Moving to New York in 1937 he found work in radio, including a role in the suspense series The Shadow starring Orson Welles, who asked Schnabel to join his Mercury Theatre players. He made his Broadway debut that year as Metellus Cimber in Welles's landmark production of Julius Caesar. Subtitled "The Death of a Dictator", it was played in modern dress, and had bold lighting effects to suggest the columns of light of the Nuremberg rallies.

Both production and performances met with acclaim and the following year Welles cast Schnabel in the adaptation of H.G. Wells's The War of the Worlds that started a nationwide panic when listeners thought that the United States had really been invaded by Martians. Schnabel played a Pennsylvania Dutch farmer who dies at the hands of the Martians. He recalled that after finishing his part he was sitting in the anteroom. "A few policemen trickled in, then a few more. Soon the room was full of policemen and a massive struggle was going on between the police, page boys and CBS executives, who were trying to prevent the cops from busting in and stopping the show. It was a show to witness."

Schnabel went on to appear in over 3,000 radio shows. On This is Our Enemy he often played Nazi roles, and during the Second World War he broadcast propaganda messages to his native Germany. Serving with the Office of Strategic Services during the war, he worked with the underground in England, Germany, France and Holland and was awarded a Certificate of Merit.

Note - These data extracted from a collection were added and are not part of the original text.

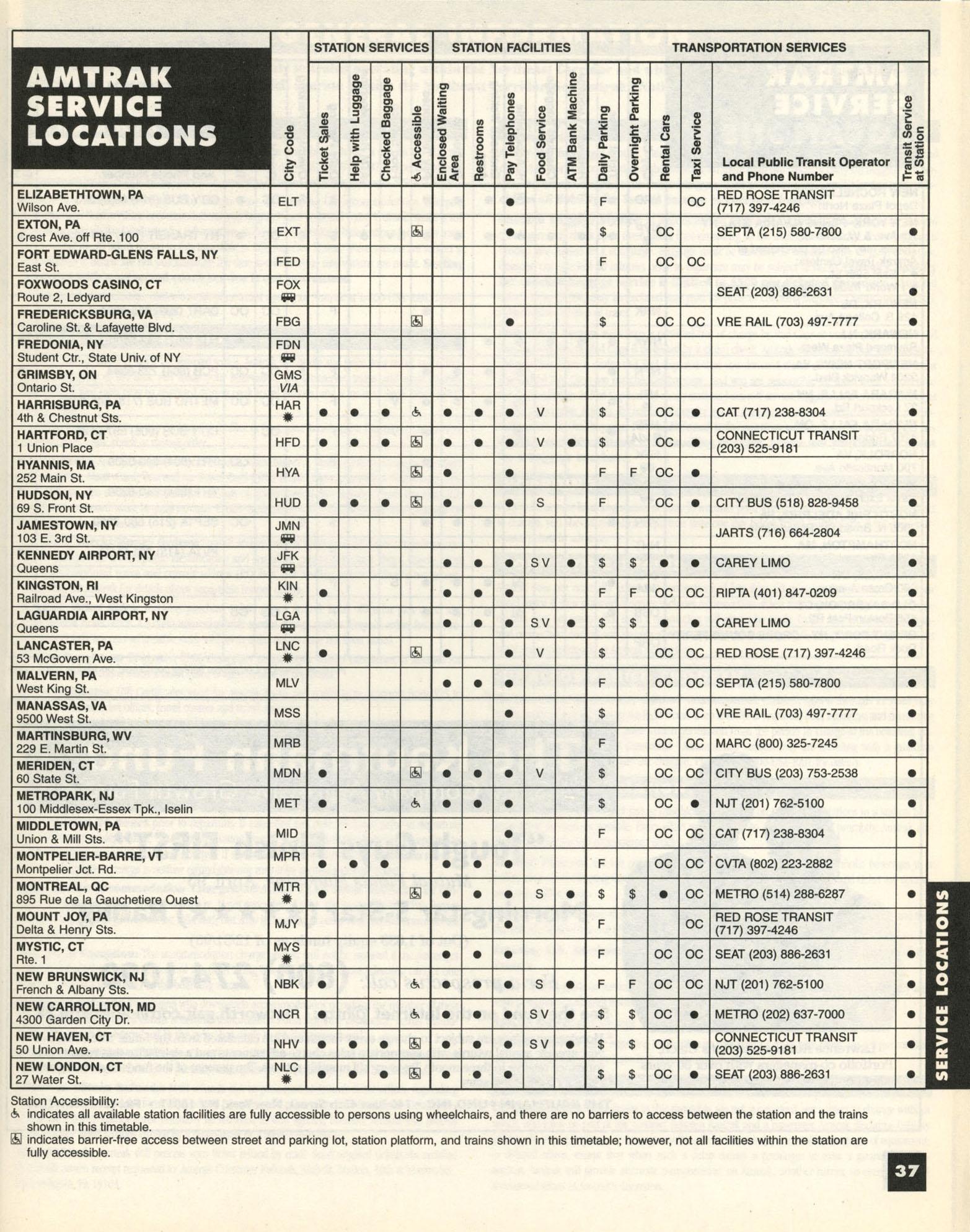 This timetable image is ©1996 National Railroad Passenger Corporation (Amtrak).
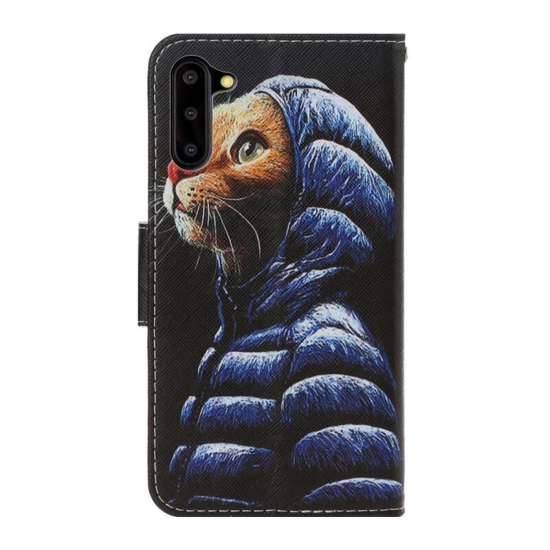 Θήκη για Galaxy Note 10 3D πολύχρωμη σχέδιο οριζόντια αναδιπλούμενη από δερματίνη PU με βάση & υποδοχές καρτών & πορτοφόλι (Γάτα με μπουφάν)
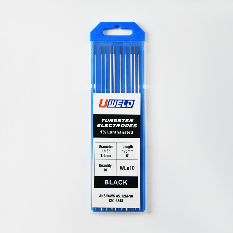 WL10 All tungsten is packaged 10 pieces of 7" and priced per box Low current capacity. Recommended for use in AC welding of aluminum. Please choose from: .020″ | .040″ | 1/16″ | 3/32″ | 1/8″ | 5/32″ | 3/16″ | 1/4″
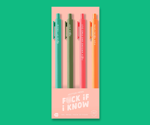 'F*CK IF I KNOW' GEL JOTTER PENS 4-PACK COLLECTIONS FUNNY SWEARY SARCASTIC
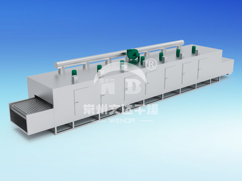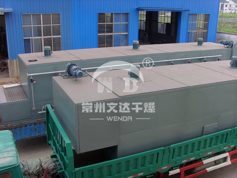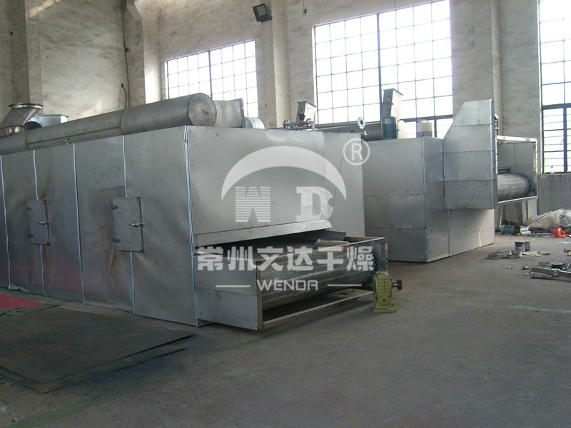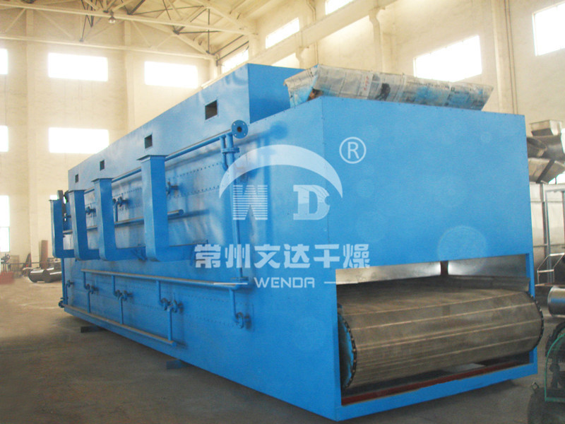 物料由加料器均匀地铺在网带上,网带一般采用12-60目不锈钢丝网,由传动装置拖动在干燥机内移动。干燥机由若干单元组成,每一单元热风独立循环,部分尾气由专门排湿风机排出,废气由调节阀控制,热气由下往上或由上往下穿过铺满物料的网带完成热量与质量传递的进程,带走物料水份。网带缓慢移动,运行速度可根据物料温度自由调节,干燥后的成品连续落入收料器中。上下循环单元根据用户需要可灵活配备,单元数量亦可根据需要选取。
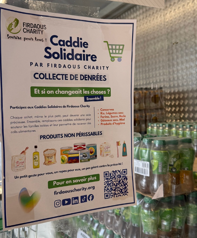 Le samedi 1er mars 2026, Firdaous Charity s’est mobilisée au magasin H Market à Aulnay-sous-Bois pour organiser une collecte de denrées alimentaires. De 11h à 17h, les bénévoles ont été présents en magasin afin de sensibiliser les clients et de recueillir des produits destinés aux futures distributions de l’association.
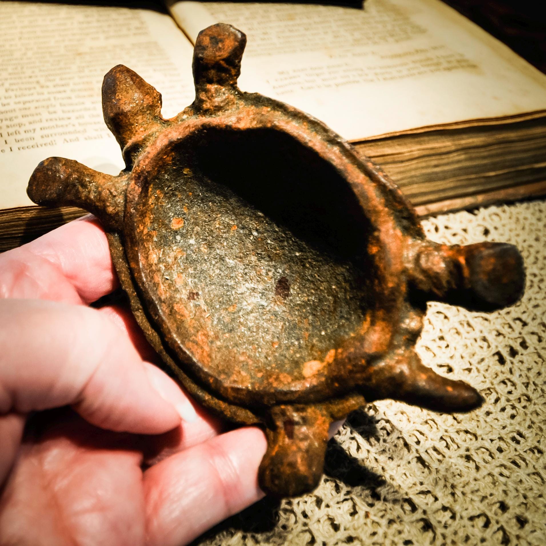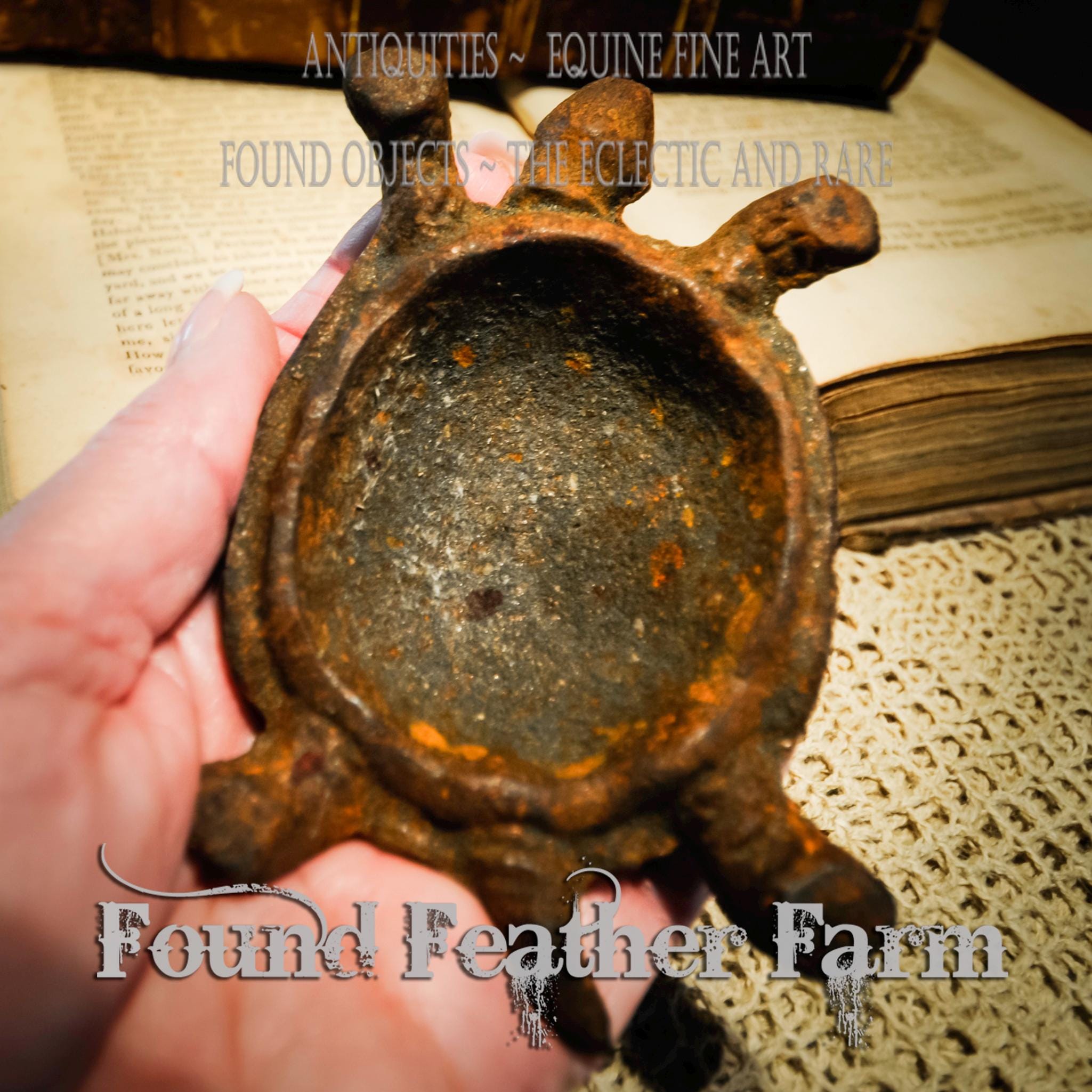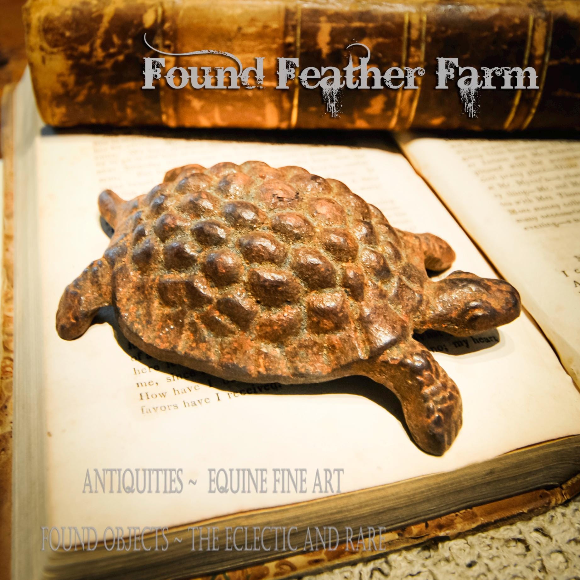 A whimsical antique cast iron Turtle statue paperweight. Rusted and very textured, this whimsical little guy is full of fun for the garden or a desk top. A great find and one that will sure to delight.
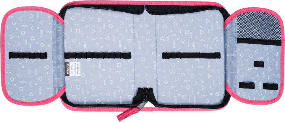 Přesně 24 pevných gumiček různých velikostí slouží k pohodlnému uložení pastelek, psacího pera, tužek, pravítka, ořezávátka a gumy.
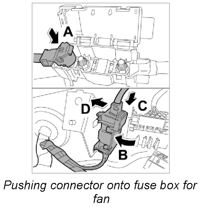 33.1. Push connector onto fuse box for fan -Arrow A-.

He made his screen debut in Welles's production Journey Into Fear (1942) and on Broadway he appeared with Welles in the Cole Porter musical Around the World in 80 Days (1946). Other Broadway roles included Lopakhin in The Cherry Orchard (1944), Colonel Ikonenko in Peter Ustinov's The Love of Four Colonels (1953), Papa Yoder in the musical Plain and Fancy (1955) and General Hotzendorf in John Osborne's A Patriot for Me (1969). His last principal role on Broadway was in Mike Nichols's production of Andrew Bergman's Social Security (1986).

His films included several spy stories - for example as the head of a Communist espionage network in The Iron Curtain (1948). He made over 100 television appearances in prestigious dramatic shows before his role as Dr Stephen Jackson in Guiding Light. He was pleased, he said, that during his 17 years with the soap opera his character evolved from a grumpy physician to a more sympathetic surgeon.

In 1947 Schnabel married the actress Marion Kohler and for 45 years they lived in Connecticut, where they founded the Rainbow Theater, appearing together there in T.S. Eliot's The Confidential Clerk, Durrenmatt's The Physicists and other plays. In 1992 they moved to Rogaro, Italy, where they were living at the time of Stefan Schnabel's death.

Stefan Schnabel, actor: born Berlin 2 February 1912; married 1947 Marion Kohler (two sons, one daughter); died Rogaro, Italy 11 March 1999.